Milton writes that he was then led to study philosophy – of Plato and Xenophon, and to look at the essence of chastity and love, more so than the knightly view of it, and not the ‘abuser of love’s name’ – Circe (that Milton also talks of in ‘Comus’).
“So that even those books which to many others have bin the fuell of wantonnesse and loose living, I cannot thinke how unlesse by divine indulgence prov’d to me so many incitements as you have heard, to the love and stedfast observation of that vertue which abhors the society of Bordello’s. Thus from the Laureat fraternity of Poets, riper years, and the ceaselesse round of study and reading led me to the shady spaces of philosophy, but chiefly to the divine volumes of Plato, and his equall Xenophon. Where if I should tell ye what I learnt, of chastity and love, I meane that which is truly so, whose charming cup is only virtue which she bears in her hand to those who are worthy.

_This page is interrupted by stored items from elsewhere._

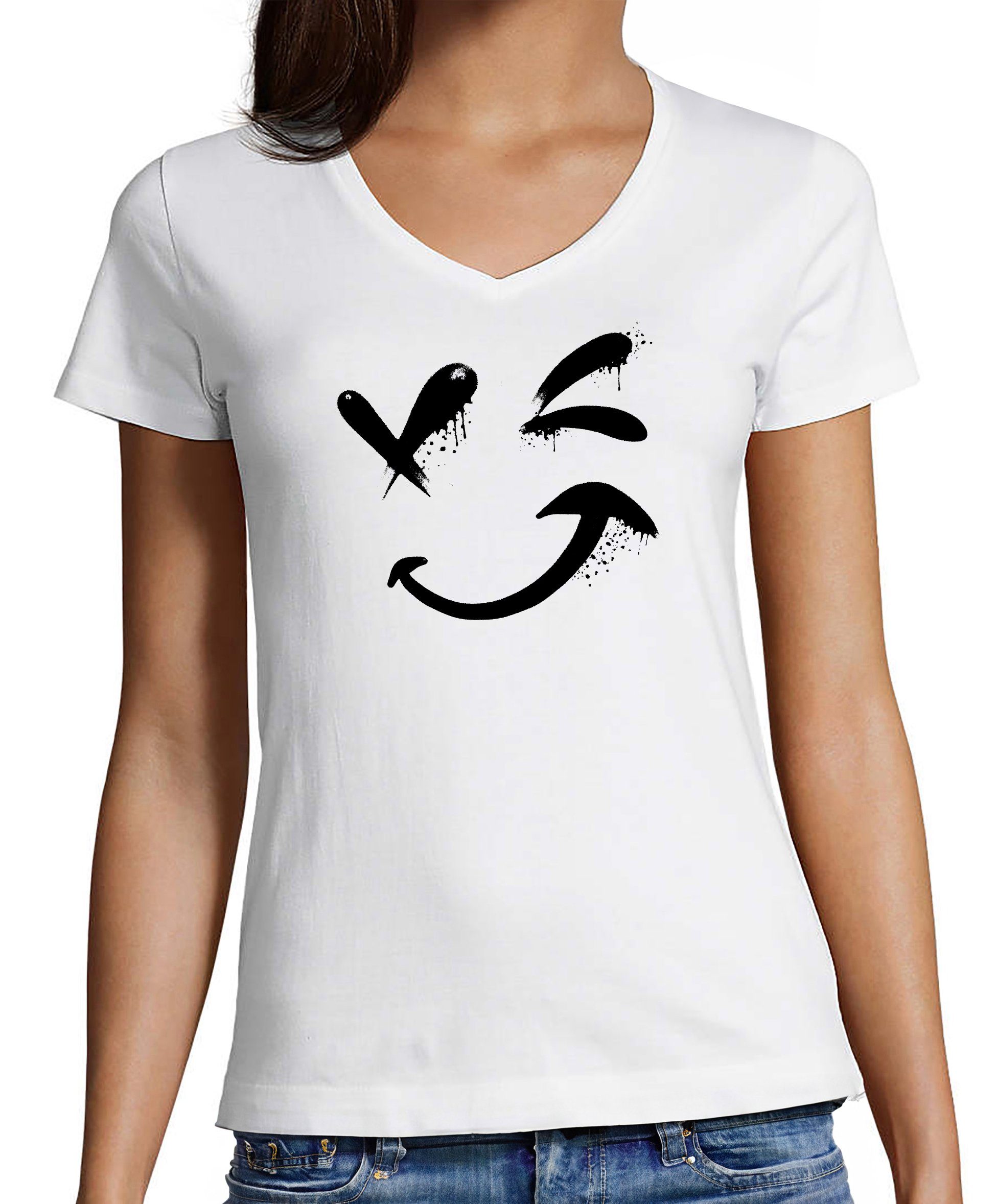 Stilvoll und selbstbewusst: Bedrucktes Damen T-Shirt mit einzigartigem Aufdruck - Zwinkernder Smiley Dieses wunderschöne bedruckte Damen T-Shirt ist ein absolutes Must-Have für Frauen, die ihren persönlichen Stil zum Ausdruck bringen möchten. Mit seinem einzigartigen Aufdruck ist es ein Blickfang, der sofort Aufmerksamkeit erregt und Ihr Outfit aufwertet. Das T-Shirt besteht aus hochwertiger Baumwolle, die nicht nur angenehm auf der Haut liegt, sondern auch für hervorragenden Tragekomfort sorgt. Es wurde sorgfältig verarbeitet und bietet eine optimale Passform, die Ihre weiblichen Kurven schmeichelt. Der Aufdruck auf dem T-Shirt ist das Highlight des Designs und macht dieses T-Shirt zu einem einzigartigen Kleidungsstück, das Sie von der Masse abhebt. Das herausragende Merkmal dieses T-Shirts ist zweifellos der einzigartige Aufdruck. Das Design wurde mit viel Liebe zum Detail entworfen und fängt die neuesten Modetrends ein. Es verleiht Ihrem Outfit eine gewisse Eleganz und Originalität, die Sie zum Blickfang in jeder Situation macht. Egal, ob Sie es zu einer Jeans, einer Shorts oder einem Rock kombinieren, dieses T-Shirt wird Ihren persönlichen Stil perfekt unterstreichen. Die hohe Qualität des Aufdrucks gewährleistet, dass er auch nach vielen Wäschen seine Farbintensität und Schärfe behält. So können Sie Ihr neues Lieblings-T-Shirt lange Zeit genießen und immer wieder tragen. Entdecken Sie Ihre Individualität und zeigen Sie Ihre Persönlichkeit mit diesem bedruckten Damen T-Shirt. Bereichern Sie Ihre Garderobe um ein einzigartiges Kleidungsstück, das Ihnen Selbstbewusstsein verleiht!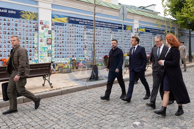 Déplacement d'Emmanuel Macron, Friedrich Merz, Keir Starmer, Donald Tusk et Voloydmyr Zelensky pour participer à la conférence de la Coalition des Volontaires à Kiev, le 10 mai 2025. A l'issue de celle-ci, Emmanuel Macron, Keir Starmer, et Voloydmyr Zelensky ont visité le Mur des Héros de la Nation et la cathédrale Sainte-Sophie. Lors de cette visite officielle, les quatre chefs d'État et de gouvernement ont plaidé en faveur d'un cessez-le-feu de 30 jours dans la guerre russo-ukrainienne. Emmanuel Macron, Friedrich Merz, Keir Starmer, Donald Tusk, and Voloydmyr Zelensky travel to attend the Coalition of the Willing conference in Kyiv on May 10, 2025. Following the conference, Emmanuel Macron, Keir Starmer, and Voloydmyr Zelensky visited the Wall of the Nation's Heroes and Saint Sophia Cathedral. During this official visit, the four heads of state and government called for a 30-day ceasefire in the Russo-Ukrainian war.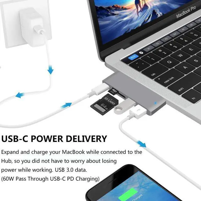 USB-C POWER DELIVERY - Expand and charge your MacBook while connected to the Hub, so you donât have to worry about losing power while youâre working. USB 3.0 data. (60W Pass Through USB-C PD Charging)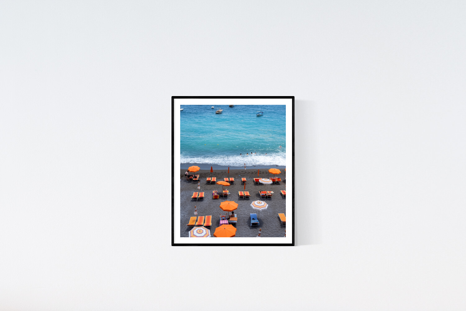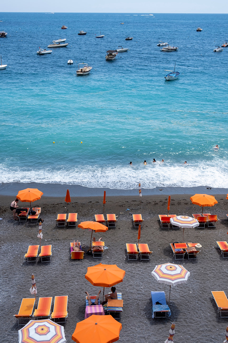 The beautiful coastline of Positano, Italy filled with beach umbrellas and sunbathers. From my Summer in Positano. I can't wait to get back for pasta and a spritz. Beautiful in person just as a postcard from Italy.

The rest are cheated with a thick intoxicating potion which a certain Sorceresse [Circe] the abuser of love’s name carries about; and how the first and chiefest office of love, begins and ends in the soule, producing those happy twins of her divine generation knowledge and virtue, with such abstracted sublimities as these, it might be worth your listning, Readers, as I may one day hope to have ye in a still time, when there shall be no chiding …”
[from ‘Apology against a Pamphlet’ (1642) pgs. 14 – 16]
And Milton hints that maybe some day, he hopes that he can return to these ideas of ‘knowledge and virtue’ that are generated ‘in the soul’, ‘in a still time’ when there is no more chiding or no more war.